• Collected data entries:
►

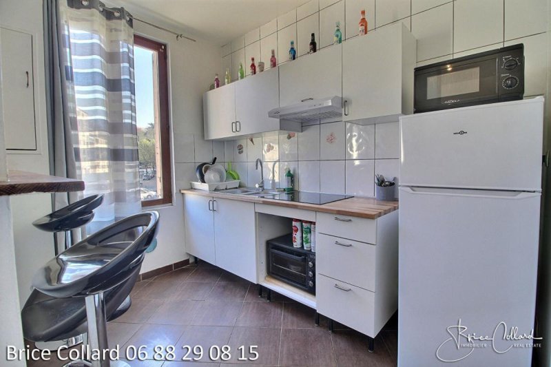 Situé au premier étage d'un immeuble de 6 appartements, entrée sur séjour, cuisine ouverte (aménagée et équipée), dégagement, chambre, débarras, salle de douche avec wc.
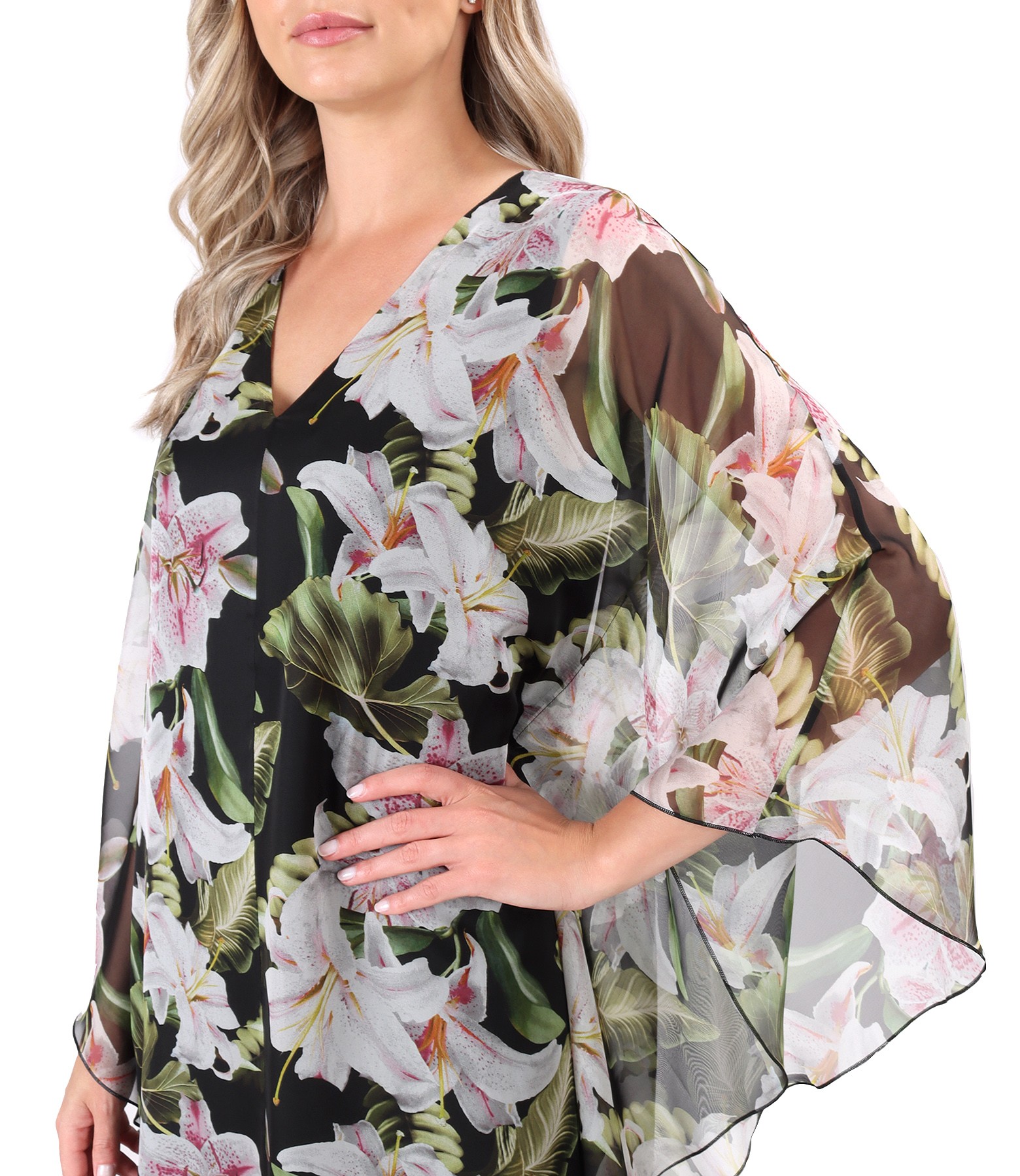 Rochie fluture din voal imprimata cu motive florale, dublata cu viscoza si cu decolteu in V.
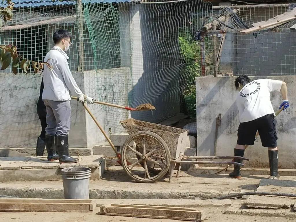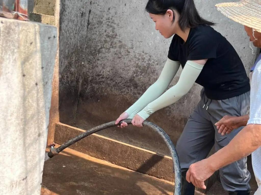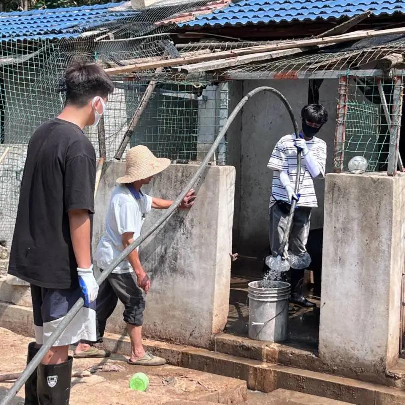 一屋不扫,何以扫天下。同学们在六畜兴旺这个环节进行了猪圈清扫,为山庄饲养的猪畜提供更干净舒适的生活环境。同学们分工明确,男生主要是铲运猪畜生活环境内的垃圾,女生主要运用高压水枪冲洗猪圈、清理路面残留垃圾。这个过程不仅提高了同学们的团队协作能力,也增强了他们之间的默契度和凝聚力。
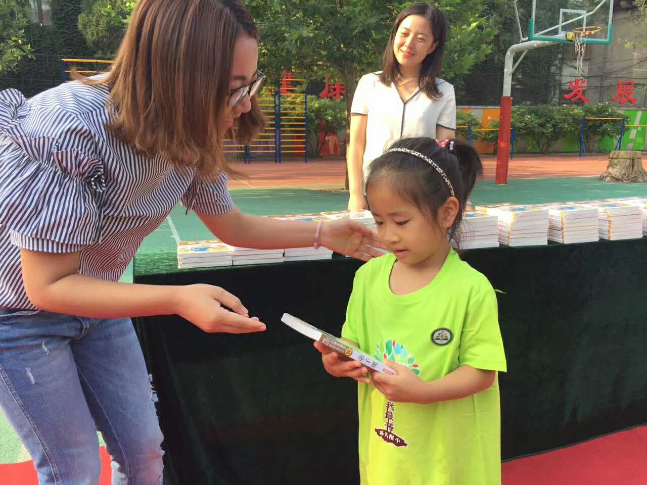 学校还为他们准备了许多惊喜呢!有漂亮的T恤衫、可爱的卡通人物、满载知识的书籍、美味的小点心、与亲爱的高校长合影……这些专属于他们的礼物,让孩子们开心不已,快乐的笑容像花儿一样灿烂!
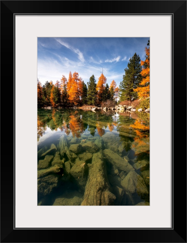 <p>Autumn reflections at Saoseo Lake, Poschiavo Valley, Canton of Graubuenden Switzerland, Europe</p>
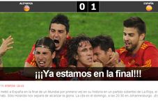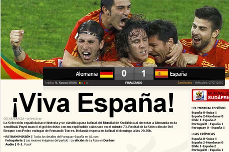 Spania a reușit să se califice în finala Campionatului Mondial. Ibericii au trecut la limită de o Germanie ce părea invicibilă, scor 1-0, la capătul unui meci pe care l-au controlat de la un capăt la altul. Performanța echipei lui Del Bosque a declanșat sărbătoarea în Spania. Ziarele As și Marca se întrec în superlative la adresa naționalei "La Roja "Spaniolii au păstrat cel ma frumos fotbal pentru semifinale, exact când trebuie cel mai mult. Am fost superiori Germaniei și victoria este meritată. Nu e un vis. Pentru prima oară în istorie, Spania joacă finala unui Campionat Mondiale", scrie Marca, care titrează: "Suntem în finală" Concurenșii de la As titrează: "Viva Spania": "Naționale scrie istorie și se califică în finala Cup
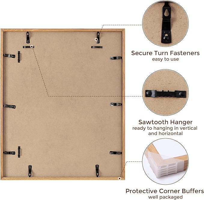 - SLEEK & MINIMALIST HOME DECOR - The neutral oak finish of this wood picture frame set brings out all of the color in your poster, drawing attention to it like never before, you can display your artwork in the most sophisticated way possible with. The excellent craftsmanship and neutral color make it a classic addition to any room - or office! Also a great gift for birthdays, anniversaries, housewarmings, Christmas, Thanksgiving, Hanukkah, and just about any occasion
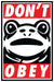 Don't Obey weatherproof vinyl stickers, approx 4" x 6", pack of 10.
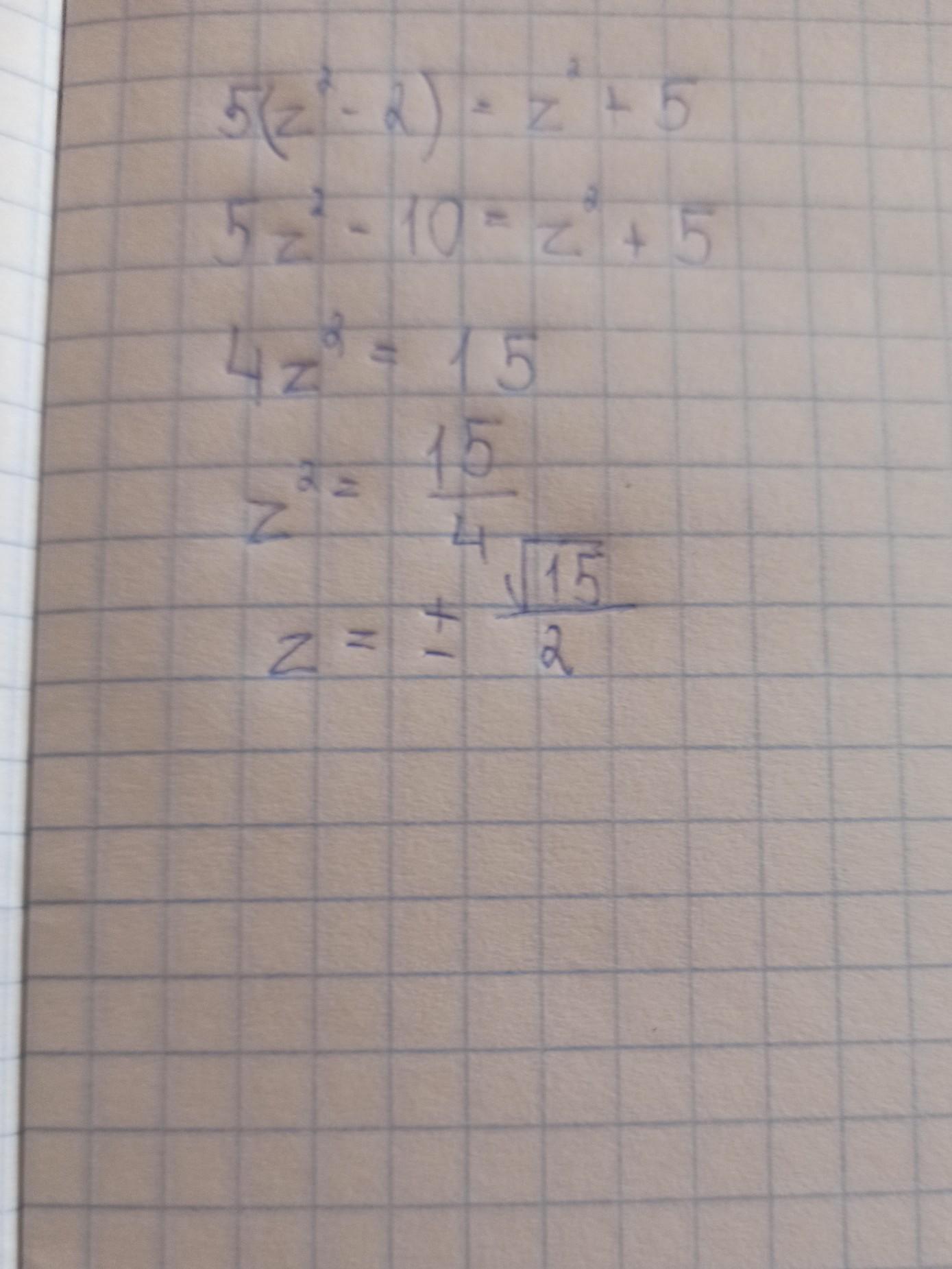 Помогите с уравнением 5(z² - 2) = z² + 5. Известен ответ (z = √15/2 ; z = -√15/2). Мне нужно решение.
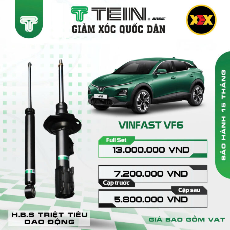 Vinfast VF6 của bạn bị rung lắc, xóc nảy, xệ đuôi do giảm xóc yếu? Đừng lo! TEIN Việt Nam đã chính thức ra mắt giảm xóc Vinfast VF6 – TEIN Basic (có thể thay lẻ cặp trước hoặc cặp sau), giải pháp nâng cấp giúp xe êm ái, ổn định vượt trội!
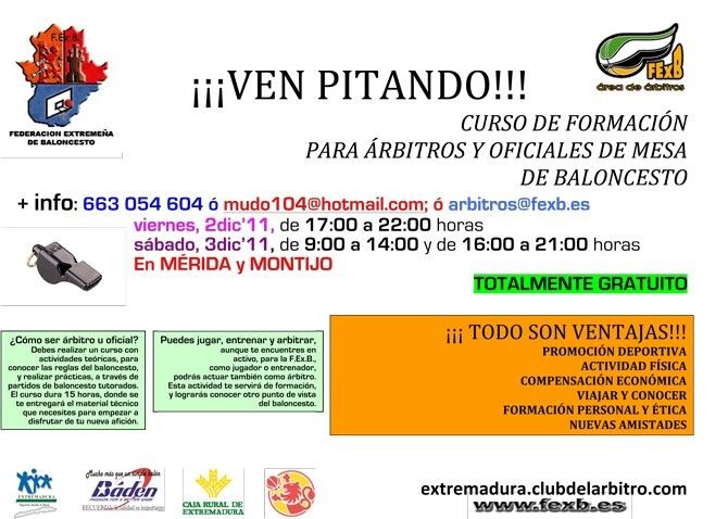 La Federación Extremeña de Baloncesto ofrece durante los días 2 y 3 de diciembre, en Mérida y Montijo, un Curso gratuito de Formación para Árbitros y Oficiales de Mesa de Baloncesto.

◄

• WORK TASK:
Reproduce the lines above, exactly and exclusively, from the line containing "Don't Obey weatherproof" down to the last line, both included; pictures are not part of the copy.

• RESULT:
 Don't Obey weatherproof vinyl stickers, approx 4" x 6", pack of 10.
 Помогите с уравнением 5(z² - 2) = z² + 5. Известен ответ (z = √15/2 ; z = -√15/2). Мне нужно решение.
 Vinfast VF6 của bạn bị rung lắc, xóc nảy, xệ đuôi do giảm xóc yếu? Đừng lo! TEIN Việt Nam đã chính thức ra mắt giảm xóc Vinfast VF6 – TEIN Basic (có thể thay lẻ cặp trước hoặc cặp sau), giải pháp nâng cấp giúp xe êm ái, ổn định vượt trội!
 La Federación Extremeña de Baloncesto ofrece durante los días 2 y 3 de diciembre, en Mérida y Montijo, un Curso gratuito de Formación para Árbitros y Oficiales de Mesa de Baloncesto.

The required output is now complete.